Step 2 Since linear regression assumes the absence of heteroskedasticity, the second step tests and mitigates its significance in the database. There are several methods to test whether the hypothesis of homoskedasticity is satisfied: the Breusch Pagan test, the White test, the Goldfeld-Quandt test, the Harvey Godfrey test and so on. Of these, the Breusch Pagan test was used in our case study due to its widespread use and its good compromise between simplicity and power [38]. If heteroskedasticity is found to be significant, its effect can be mitigated by taking the log of the matrix \({\varvec{X}}\) in Eq. (3), i.e., \({\varvec{X}}=ln({\varvec{X}})\), before creating the regression model seen in Eq. (4) [39] [40].

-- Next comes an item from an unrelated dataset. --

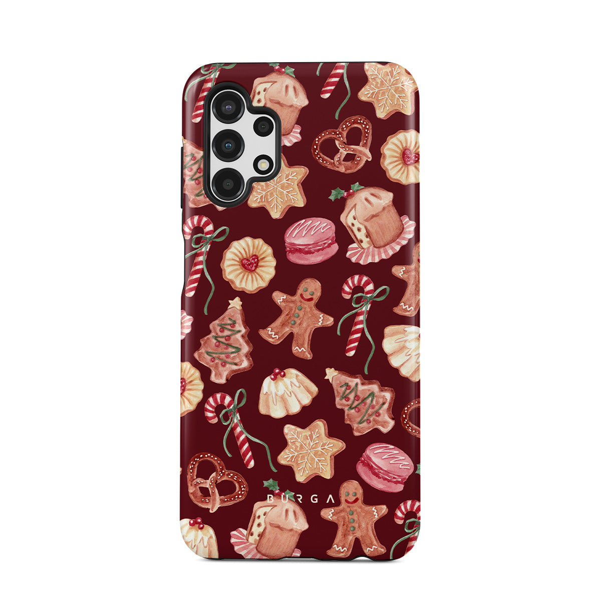 En este diseño: galletas de Navidad, hombres de jengibre, bastones de caramelo, caramelos de menta, dulces festivos, fondo rojo burdeos

Step 3 The cost drivers (X) with the strongest relationship with the cost are identified based on their Pearson correlations coefficients with respect to the cost (Y). The Pearson correlation coefficient is a statistical tool able to provide an indication of how much two variables are linearly dependent on each other; such dependence does not imply the existence of a cause—effect relationship between them, but simply implies that the variability of one of them is related to the variability of the other. The Pearson correlation coefficient (\(\rho (a,b)\)) between two variables, a and b, can assume value in range [− 1; 1], where \(\rho =\pm 1\) means a perfect positive (+ 1) or negative (− 1) linear correlation between a and b, while \(\rho =0\) means that no linear relationship exists between a and b [40].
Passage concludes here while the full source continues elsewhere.